Requirement:
Output the full listing below exactly as it reads, and skip anything that is a picture.

──────── Provided data

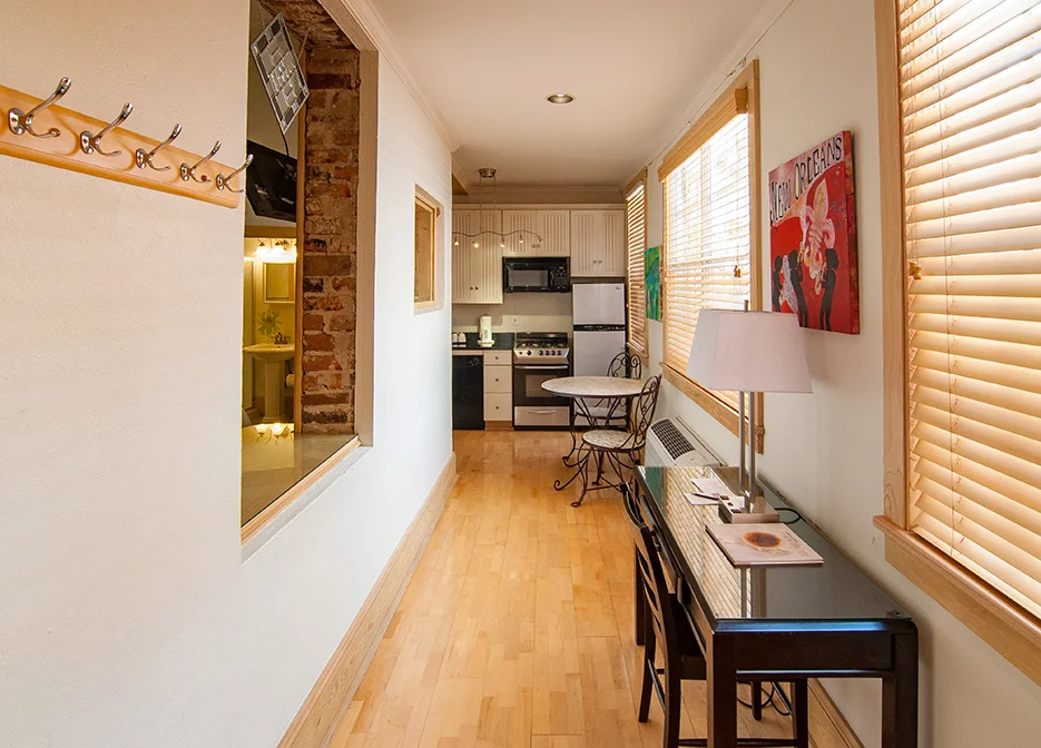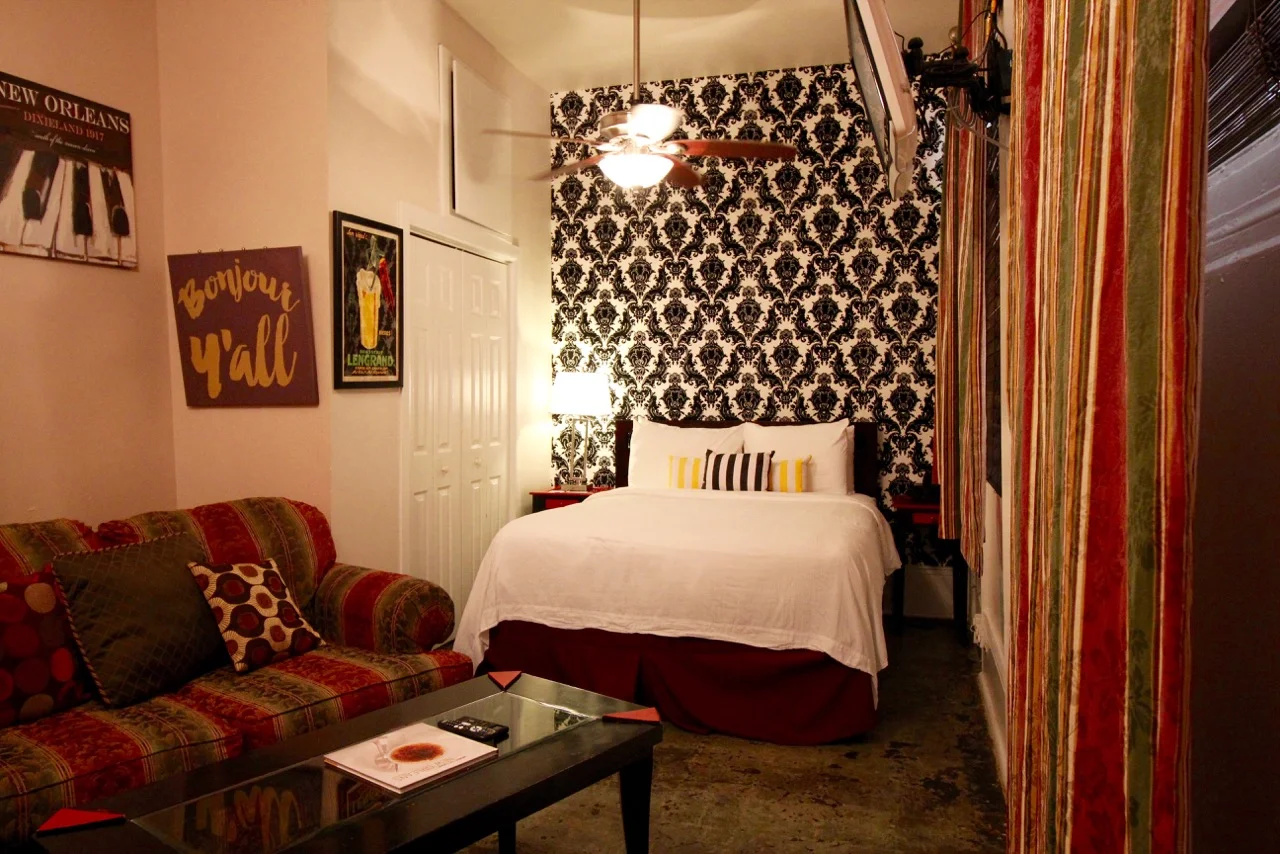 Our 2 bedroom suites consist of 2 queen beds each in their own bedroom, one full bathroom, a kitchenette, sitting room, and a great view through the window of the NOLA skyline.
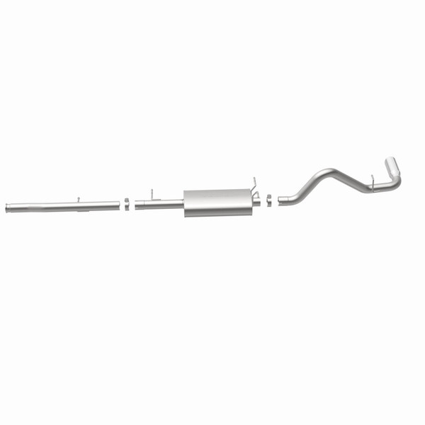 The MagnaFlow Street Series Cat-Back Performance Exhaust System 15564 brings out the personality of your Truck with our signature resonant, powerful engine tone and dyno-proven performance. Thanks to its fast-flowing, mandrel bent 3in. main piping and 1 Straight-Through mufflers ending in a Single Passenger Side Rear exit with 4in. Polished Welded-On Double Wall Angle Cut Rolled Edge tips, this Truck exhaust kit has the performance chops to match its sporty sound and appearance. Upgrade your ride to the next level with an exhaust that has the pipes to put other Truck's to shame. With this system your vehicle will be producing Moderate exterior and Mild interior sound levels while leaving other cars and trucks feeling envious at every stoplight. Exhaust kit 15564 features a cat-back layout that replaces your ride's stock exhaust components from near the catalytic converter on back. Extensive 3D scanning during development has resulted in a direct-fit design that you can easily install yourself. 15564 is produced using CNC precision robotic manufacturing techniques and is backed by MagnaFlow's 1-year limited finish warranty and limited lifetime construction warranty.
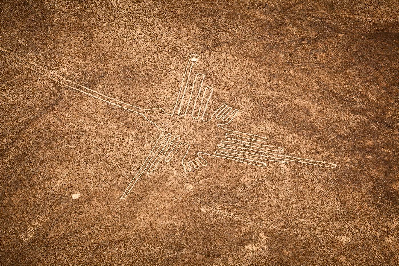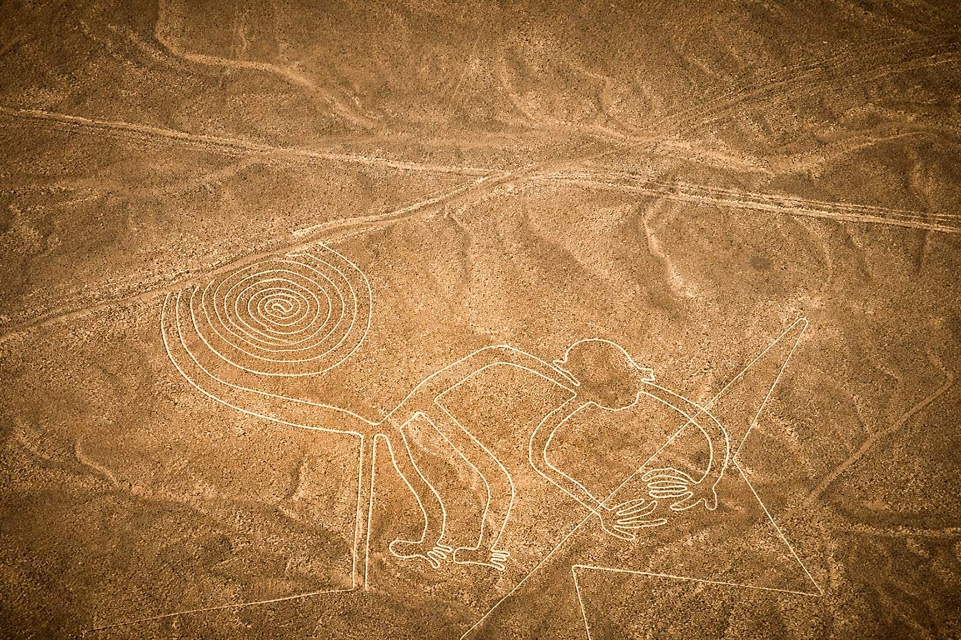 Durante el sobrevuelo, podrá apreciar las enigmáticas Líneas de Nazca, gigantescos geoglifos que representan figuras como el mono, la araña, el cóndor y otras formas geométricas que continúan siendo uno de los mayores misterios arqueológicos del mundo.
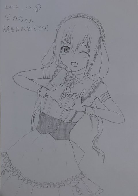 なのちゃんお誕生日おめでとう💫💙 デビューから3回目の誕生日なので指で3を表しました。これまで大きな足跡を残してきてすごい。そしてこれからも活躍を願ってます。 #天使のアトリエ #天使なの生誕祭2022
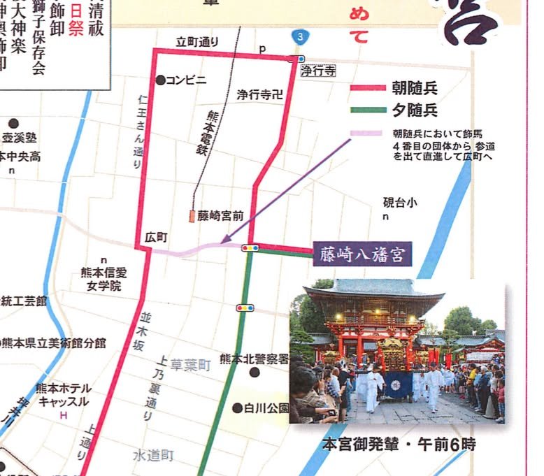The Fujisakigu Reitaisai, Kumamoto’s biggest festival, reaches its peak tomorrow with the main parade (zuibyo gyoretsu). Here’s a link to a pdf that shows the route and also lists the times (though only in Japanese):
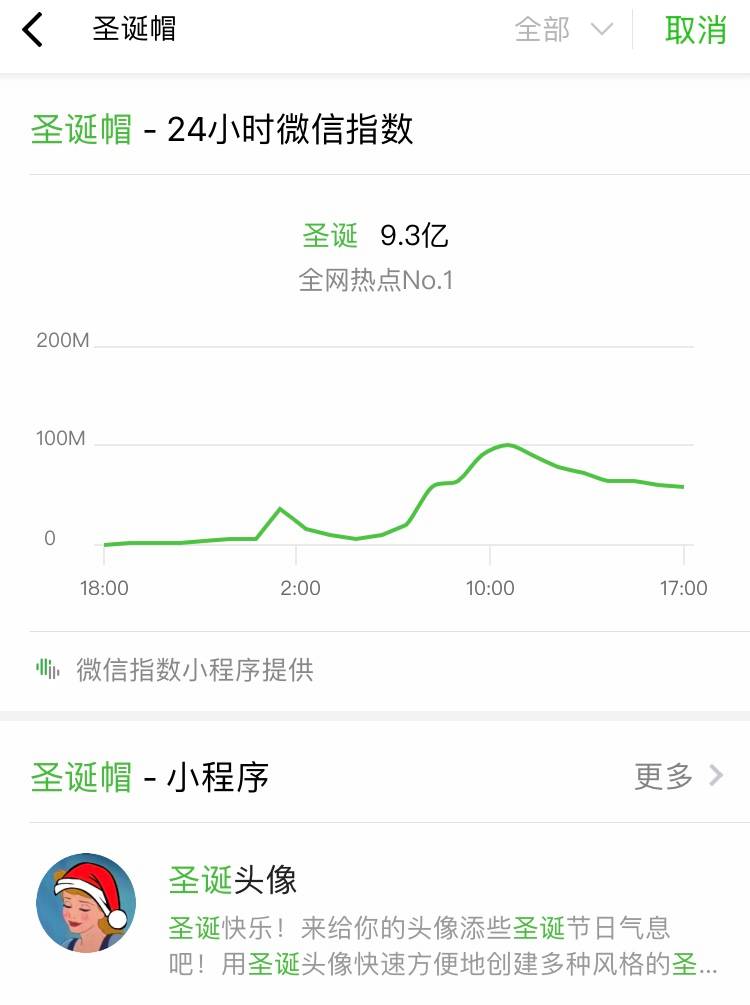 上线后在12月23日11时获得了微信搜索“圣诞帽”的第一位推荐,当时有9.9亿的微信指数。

────────────────

Result:
 Our 2 bedroom suites consist of 2 queen beds each in their own bedroom, one full bathroom, a kitchenette, sitting room, and a great view through the window of the NOLA skyline.
 The MagnaFlow Street Series Cat-Back Performance Exhaust System 15564 brings out the personality of your Truck with our signature resonant, powerful engine tone and dyno-proven performance. Thanks to its fast-flowing, mandrel bent 3in. main piping and 1 Straight-Through mufflers ending in a Single Passenger Side Rear exit with 4in. Polished Welded-On Double Wall Angle Cut Rolled Edge tips, this Truck exhaust kit has the performance chops to match its sporty sound and appearance. Upgrade your ride to the next level with an exhaust that has the pipes to put other Truck's to shame. With this system your vehicle will be producing Moderate exterior and Mild interior sound levels while leaving other cars and trucks feeling envious at every stoplight. Exhaust kit 15564 features a cat-back layout that replaces your ride's stock exhaust components from near the catalytic converter on back. Extensive 3D scanning during development has resulted in a direct-fit design that you can easily install yourself. 15564 is produced using CNC precision robotic manufacturing techniques and is backed by MagnaFlow's 1-year limited finish warranty and limited lifetime construction warranty.
 Durante el sobrevuelo, podrá apreciar las enigmáticas Líneas de Nazca, gigantescos geoglifos que representan figuras como el mono, la araña, el cóndor y otras formas geométricas que continúan siendo uno de los mayores misterios arqueológicos del mundo.
 なのちゃんお誕生日おめでとう💫💙 デビューから3回目の誕生日なので指で3を表しました。これまで大きな足跡を残してきてすごい。そしてこれからも活躍を願ってます。 #天使のアトリエ #天使なの生誕祭2022
The Fujisakigu Reitaisai, Kumamoto’s biggest festival, reaches its peak tomorrow with the main parade (zuibyo gyoretsu). Here’s a link to a pdf that shows the route and also lists the times (though only in Japanese):
 上线后在12月23日11时获得了微信搜索“圣诞帽”的第一位推荐,当时有9.9亿的微信指数。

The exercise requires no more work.